Sending a POST /v1/actions/restart-process would be the only workaround for my app. Otherwise this is gonna be impossible with the actual version of the icinga api.

[2019-02-19 15:59:11 +0000] information/HttpServerConnection: Request: POST /v1/actions/restart-process (from [172.19.0.1]:50396), user: icinga2-director)
[2019-02-19 15:59:11 +0000] information/HttpServerConnection: HTTP client disconnected (from [172.19.0.1]:50396)
[2019-02-19 15:59:12 +0000] information/Application: Got reload command: Starting new instance.
[2019-02-19 15:59:12 +0000] information/Application: Reload requested, letting new process take over.
[2019-02-19 15:59:12 +0000] information/ApiListener: 'api' stopped.
[2019-02-19 15:59:12 +0000] information/CheckerComponent: 'checker' stopped.
[2019-02-19 15:59:12 +0000] information/CompatLogger: 'compatlog' stopped.
[2019-02-19 15:59:12 +0000] information/ExternalCommandListener: 'command' stopped.
[2019-02-19 15:59:13 +0000] information/FileLogger: 'main-log' started.
[2019-02-19 15:59:13 +0000] information/ApiListener: 'api' started.
[2019-02-19 15:59:13 +0000] information/ApiListener: Copying 2 zone configuration files for zone 'director-global' to '/var/lib/icinga2/api/zones/director-global'.
[2019-02-19 15:59:13 +0000] information/ApiListener: Applying configuration file update for path '/var/lib/icinga2/api/zones/director-global' (0 Bytes). Received timestamp '2019-02-19 15:59:13 +0000' (1550591953.329891), Current timestamp '2019-02-19 15:52:47 +0000' (1550591567.355288).
[2019-02-19 15:59:13 +0000] information/ApiListener: Copying 1 zone configuration files for zone 'master' to '/var/lib/icinga2/api/zones/master'.
[2019-02-19 15:59:13 +0000] information/ApiListener: Applying configuration file update for path '/var/lib/icinga2/api/zones/master' (0 Bytes). Received timestamp '2019-02-19 15:59:13 +0000' (1550591953.330238), Current timestamp '2019-02-19 15:52:47 +0000' (1550591567.355010).
[2019-02-19 15:59:13 +0000] information/ApiListener: Started new listener on '[0.0.0.0]:5665'
[2019-02-19 15:59:13 +0000] information/ExternalCommandListener: 'command' started.
[2019-02-19 15:59:13 +0000] information/GraphiteWriter: 'graphite' started.
[2019-02-19 15:59:13 +0000] information/LivestatusListener: 'livestatus' started.
[2019-02-19 15:59:13 +0000] information/LivestatusListener: Created UNIX socket in '/run/icinga2/cmd/livestatus'.
[2019-02-19 15:59:13 +0000] information/CheckerComponent: 'checker' started.
[2019-02-19 15:59:13 +0000] information/NotificationComponent: 'notification' started.
[2019-02-19 15:59:13 +0000] information/DbConnection: 'ido-mysql' started.
[2019-02-19 15:59:13 +0000] information/CompatLogger: 'compatlog' started.
dnsmichi commented 5 years ago

"Cannot create object 'test10'. Configuration file '/var/lib/icinga2/api/packages/_api//conf.d/servicegroups/test10.conf' already exists."

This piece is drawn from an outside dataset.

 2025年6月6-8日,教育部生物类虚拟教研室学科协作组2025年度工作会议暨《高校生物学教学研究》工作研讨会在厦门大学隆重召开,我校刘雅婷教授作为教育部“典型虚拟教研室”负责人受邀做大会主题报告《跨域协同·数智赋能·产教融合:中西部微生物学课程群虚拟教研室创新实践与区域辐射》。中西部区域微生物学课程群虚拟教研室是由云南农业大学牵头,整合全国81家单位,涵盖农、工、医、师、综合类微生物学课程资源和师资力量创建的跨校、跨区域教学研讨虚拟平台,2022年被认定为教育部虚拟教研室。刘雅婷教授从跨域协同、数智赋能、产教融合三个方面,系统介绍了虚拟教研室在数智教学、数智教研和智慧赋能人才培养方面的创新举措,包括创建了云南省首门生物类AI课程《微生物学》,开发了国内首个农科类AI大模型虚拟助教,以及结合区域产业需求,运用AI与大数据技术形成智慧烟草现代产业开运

It misses the stage name after _api/, so highly likely the API package got broken somehow in the process of restarting.

raffis commented 5 years ago

"Cannot create object 'test10'. Configuration file '/var/lib/icinga2/api/packages/_api//conf.d/servicegroups/test10.conf' already exists."

It misses the stage name after _api/, so highly likely the API package got broken somehow in the process of restarting.

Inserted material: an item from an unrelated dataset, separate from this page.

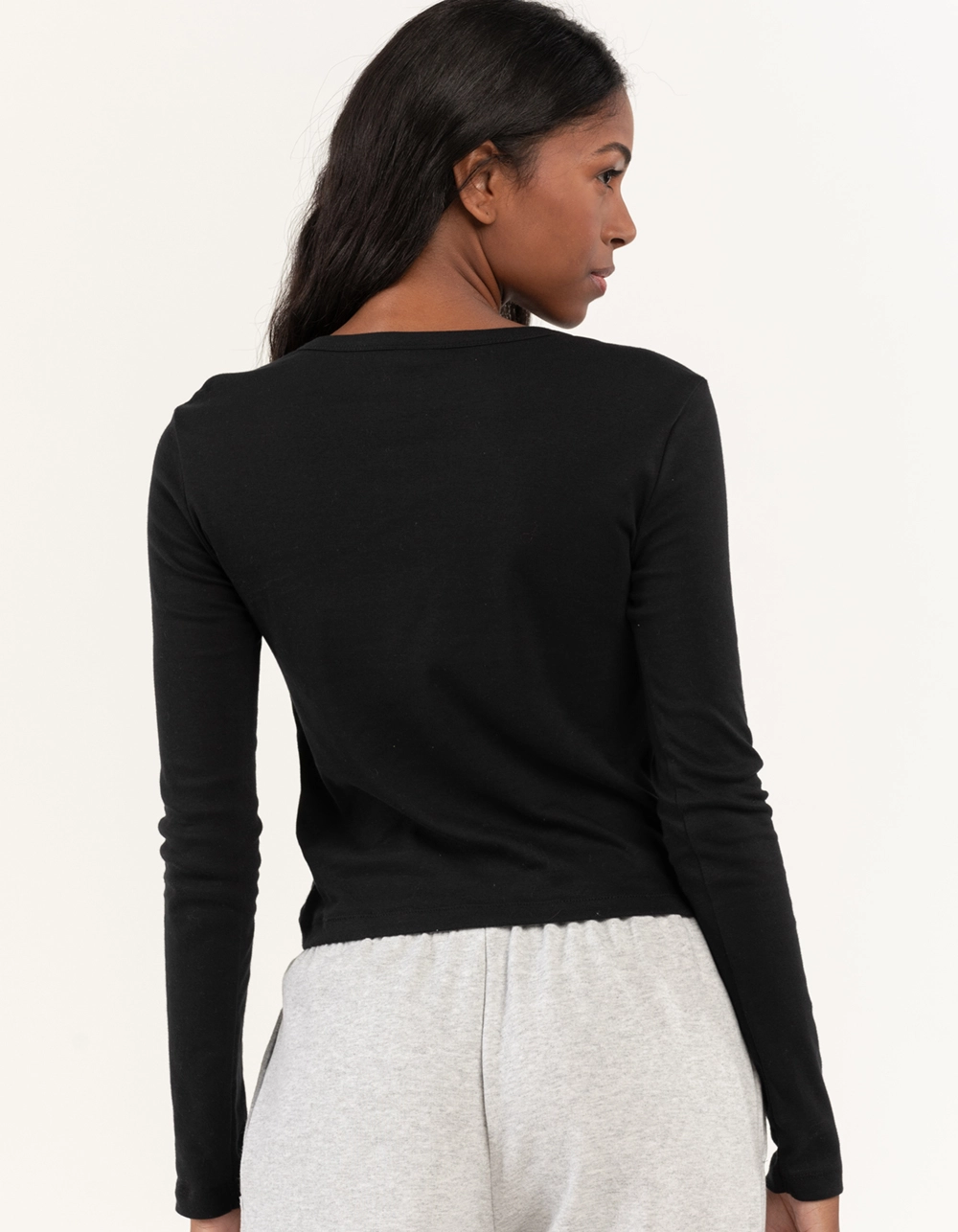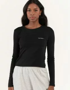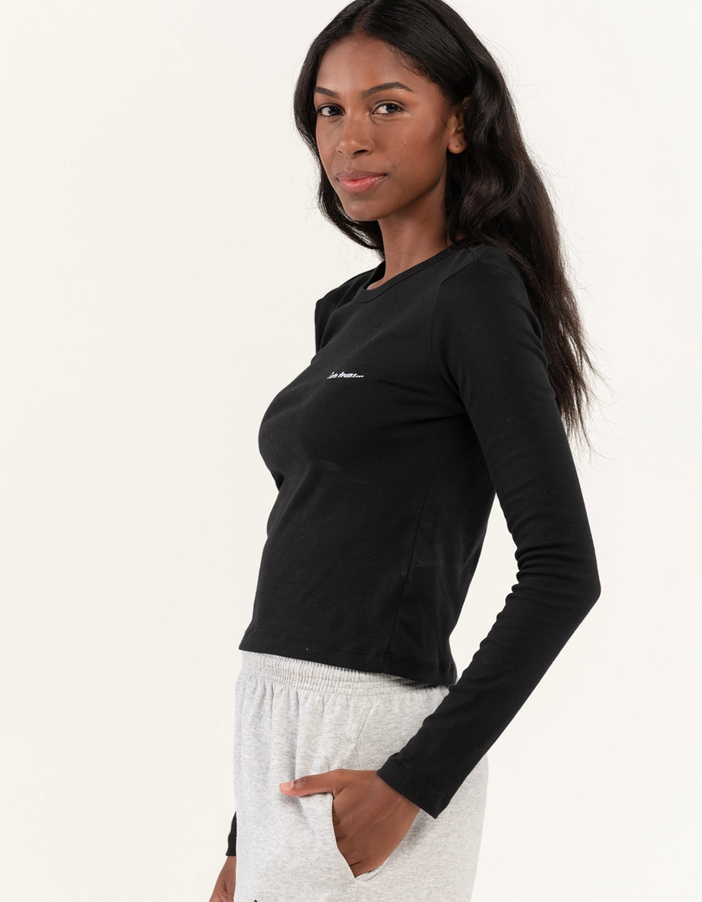 iets frans Baby Tee. Embroidery on left chest. Ribbed crew neckline. Long sleeves. Baby tee fit. 100% Cotton. Machine wash. Imported.

Argh my fault, I have removed content in /var/lib/icinga2/api/packages/_api manually during debuging and just noticed that files like active-stage.conf, active.conf were missing after restart. But if I create new objects via the api those get created in conf.d folder directly in _api, /var/lib/icinga2/api/packages/_api/conf.d/xxxx. And after restart the service the added services are gone again (But files still there).

Maybe a check for that would be helpful (or a log entry somewhere that the stage folder is gone or not active.) Probably the api should respond with a 500 error and not accepting new objects in the first place.

dnsmichi commented 5 years ago

I've created #6959 as follow-up. I just don't have the time to code any further here, maybe you'd like to catch up on this.

raffis commented 5 years ago

I've created #6959 as follow-up. I just don't have the time to code any further here, maybe you'd like to catch up on this.

:+1:, yes as soon as I have some spare time.

dnsmichi commented 4 years ago

Will be superseded with IcingaDB, the old tracking for the IDO is #6012.